[Records from a data collection]

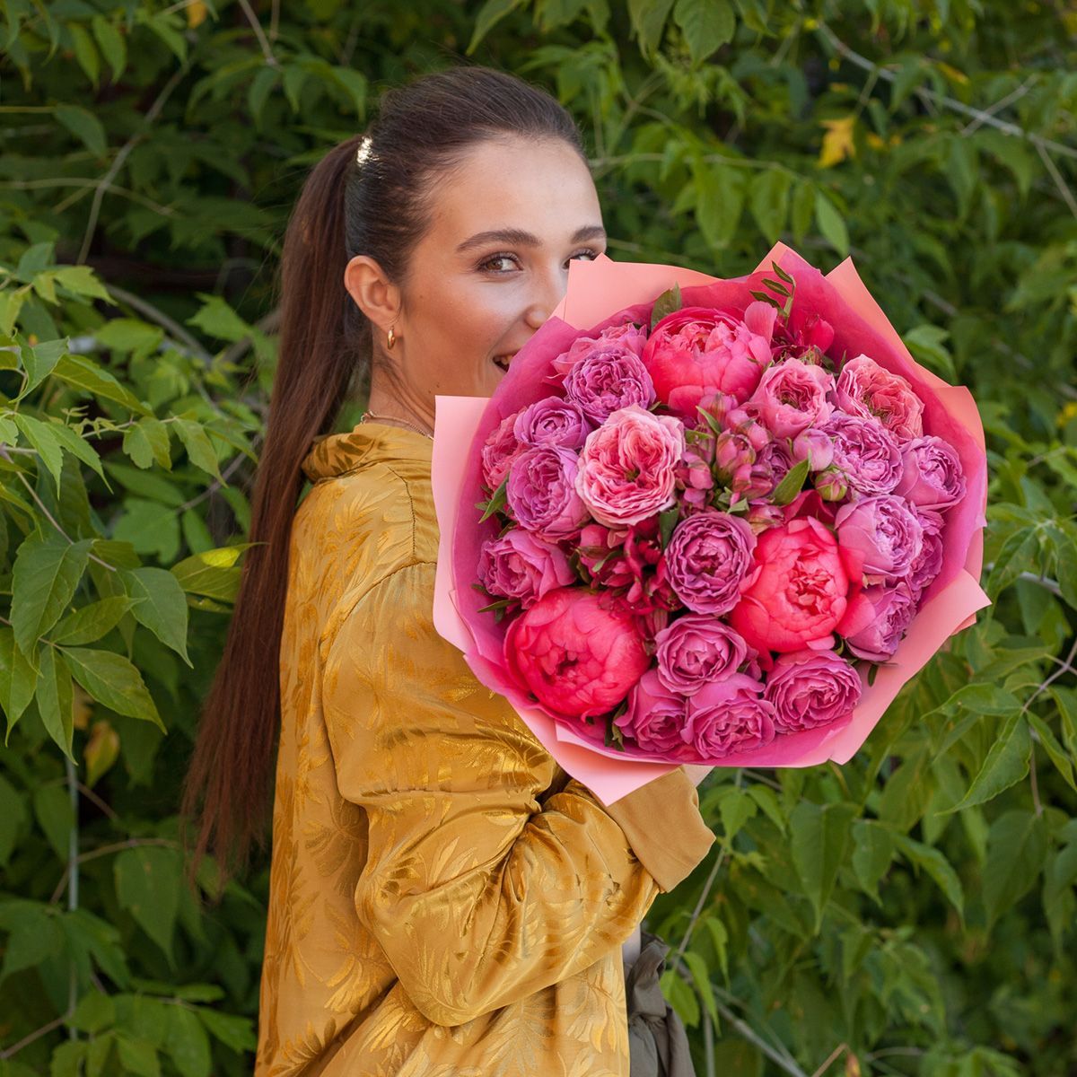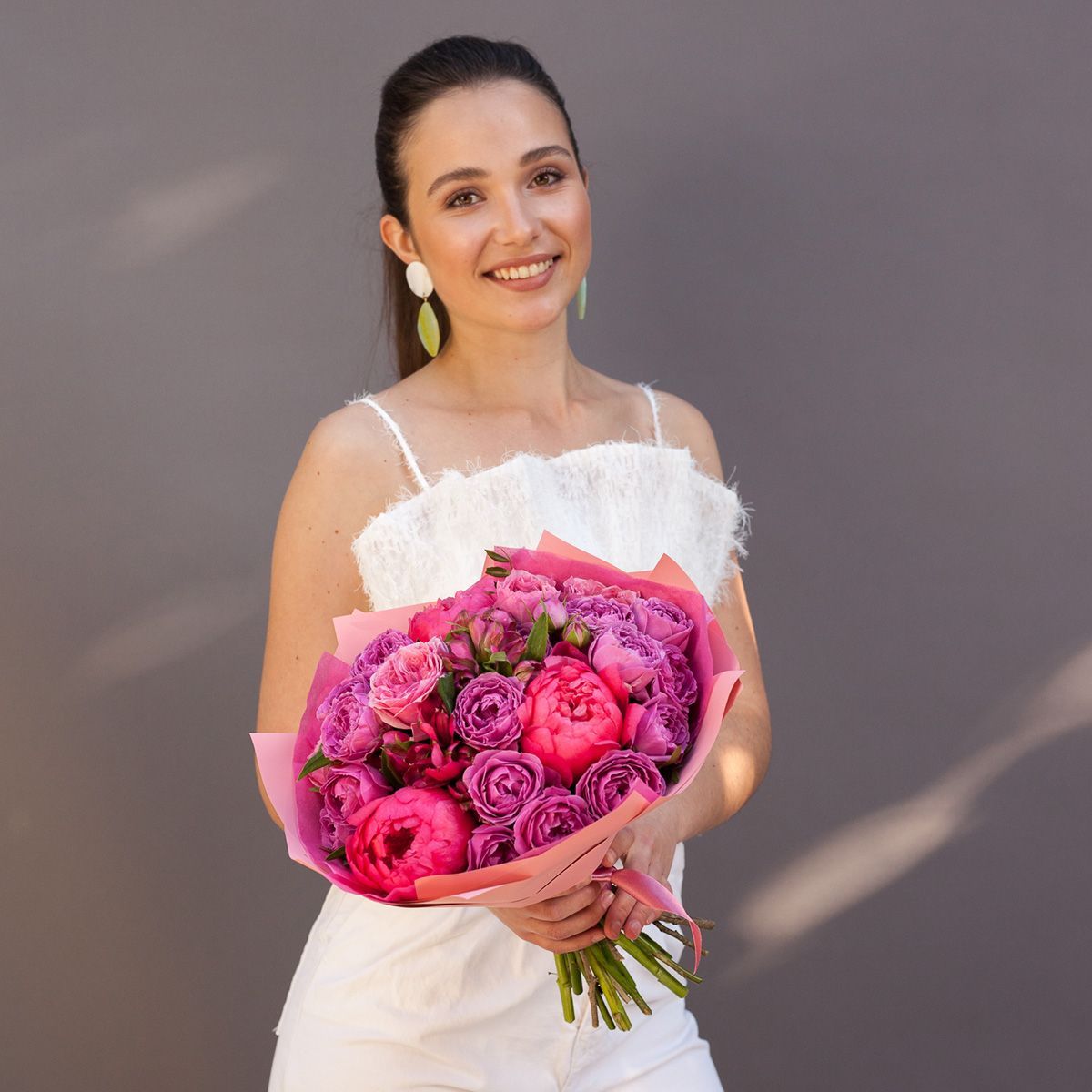 Не знаете, как словами эффектно выразить чувства в день праздника или без повода? Подарите любимой милый и трогательный букет в красивых розовых оттенках. Композиция из пионов и альстромерий с кустовыми пионовидными и садовыми розами в упаковке малинового цвета с лентой — воплощение женственности и искренних чувств. Поздравление такими яркими свежими цветами с днем рождения напомнит о весенних днях и принесет позитивный настрой. При сборке мы положим открытку, куда вы сможете записать теплые пожелания. Купить подарок в каталоге можно в любом размере и с разным количеством цветков. Чтобы сделать заказ и поздравить именинника, посмотрите фото с ценами в интернет-магазине, оформите доставку к событию.
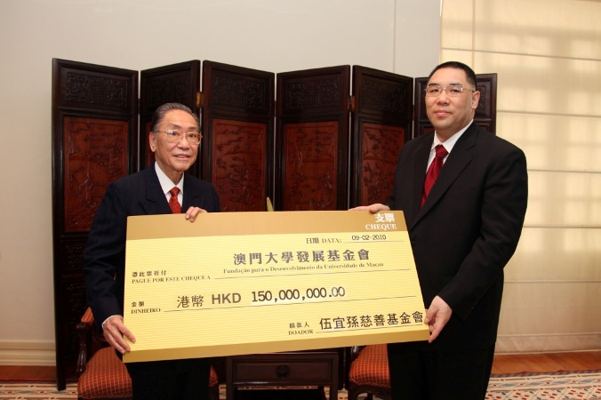 澳門大學發展基金會今日(九日)獲伍宜孫慈善基金會有限公司捐款港幣一億五千萬元正,為基金會於去年底成立以來最大筆捐款。為答謝伍宜孫慈善基金會對大學的捐贈,澳門大學新校區的中央圖書館將以伍宜孫博士之名命名。行政長官兼澳門大學校監崔世安及澳大校董會已同意此冠名安排,崔世安表示,澳大在中央和社會各界的支持下,其發展已踏上新的台階。
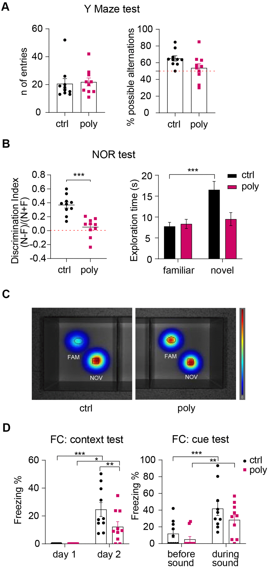 Fear conditioning (FC) test was performed to assess fear associated memory and learning. Mice were subjected to an auditive stimulus (cue) paired to a foot shock on day 1 and then tested for context and cue memory on day 2 and 3 respectively. The freezing % recorded during the habituation phase of day 1 (as a measure of baseline freezing) was compared to freezing % of day 2 to evaluate the context memory. To assess the cue memory, we measured the freezing % on day 3 before and during the sound stimulus. During the context test on day 2, both controls and treated animals showed a significantly increased freezing behavior compared to day 1 (Figure 3D, left graph). However, control mice responded to a greater extent to context recognition showing a significant higher freezing % than the polypharmacy ones (Figure 3D, left plot: **p=0.01, two-way ANOVA repeated measurements), indicating that the multi-medication treatment may affect FC contextual memory in young adult female mice. On day 3, we measured freezing % before and during the delivery of the acoustic stimulus; mice from control and polypharmacy administered group expressed a significantly stronger freezing behavior during cue application compared to before (Figure 3D, right graph), suggesting that both groups were able to associate the auditory cue to the adverse stimulus (the foot shock).
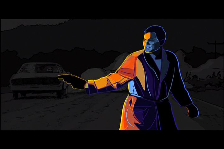 A captação da entrevista foi na linha dogma zero noventa e nove, a linha recorrente da velha e boa miséria brasileira, do vamos lá e filmamos do jeito que der. Com equipamento emprestado pelo Piero Mancini, na casa da Joana, a montadora, não a mãe. E se eu não perco piada idiotinha, imaginem se eu ia perder a chance de aplicar algumas obstruções? Elas estão explicadas no começo do filme:
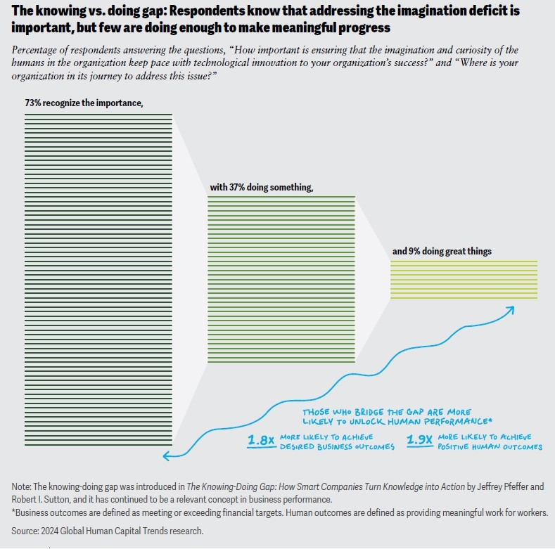 This year’s research also includes several trends that focus on how organisations can evolve their mindsets and approaches to meet new challenges. One of the challenges highlighted is the rapid advancement of artificial intelligence (AI) and generative AI, which is putting a spotlight on the importance of workers honing their enduring human capabilities like curiosity, to spark their imagination, and empathy, to understand customer needs.
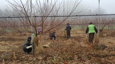 생산적 일손 긴급지원반은 지난 26일 농가주가 경운기 사고로 인한 발목 인대 파열로 농사에 어려움을 겪고 있는 불정면 앵천리 소재 한 사과농가를 찾아가 겨울철 동파방지를 위한 볏짚씌우기 작업에 나서며 구슬땀을 흘렸다.
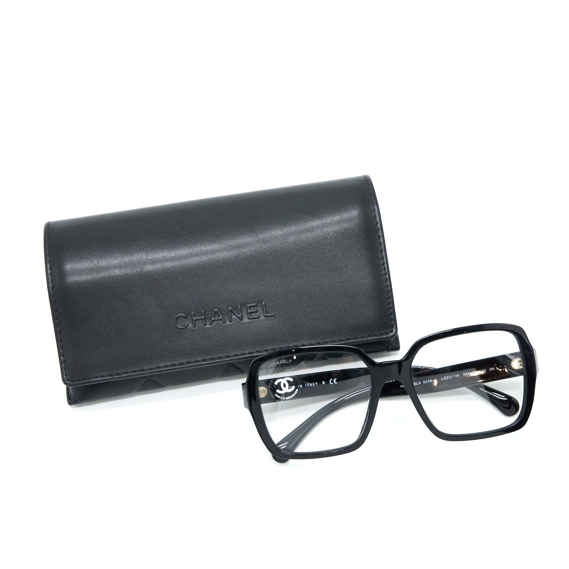 Chanel Square Glasses Frame With Letter Black Gold Tone

#### [Your instructions]
Take the line with "생산적 일손 긴급지원반은" and every line after it through the end of the data, and write only them out exactly, leaving out the pictures.

#### [Response to the exercise]
 생산적 일손 긴급지원반은 지난 26일 농가주가 경운기 사고로 인한 발목 인대 파열로 농사에 어려움을 겪고 있는 불정면 앵천리 소재 한 사과농가를 찾아가 겨울철 동파방지를 위한 볏짚씌우기 작업에 나서며 구슬땀을 흘렸다.
 Chanel Square Glasses Frame With Letter Black Gold Tone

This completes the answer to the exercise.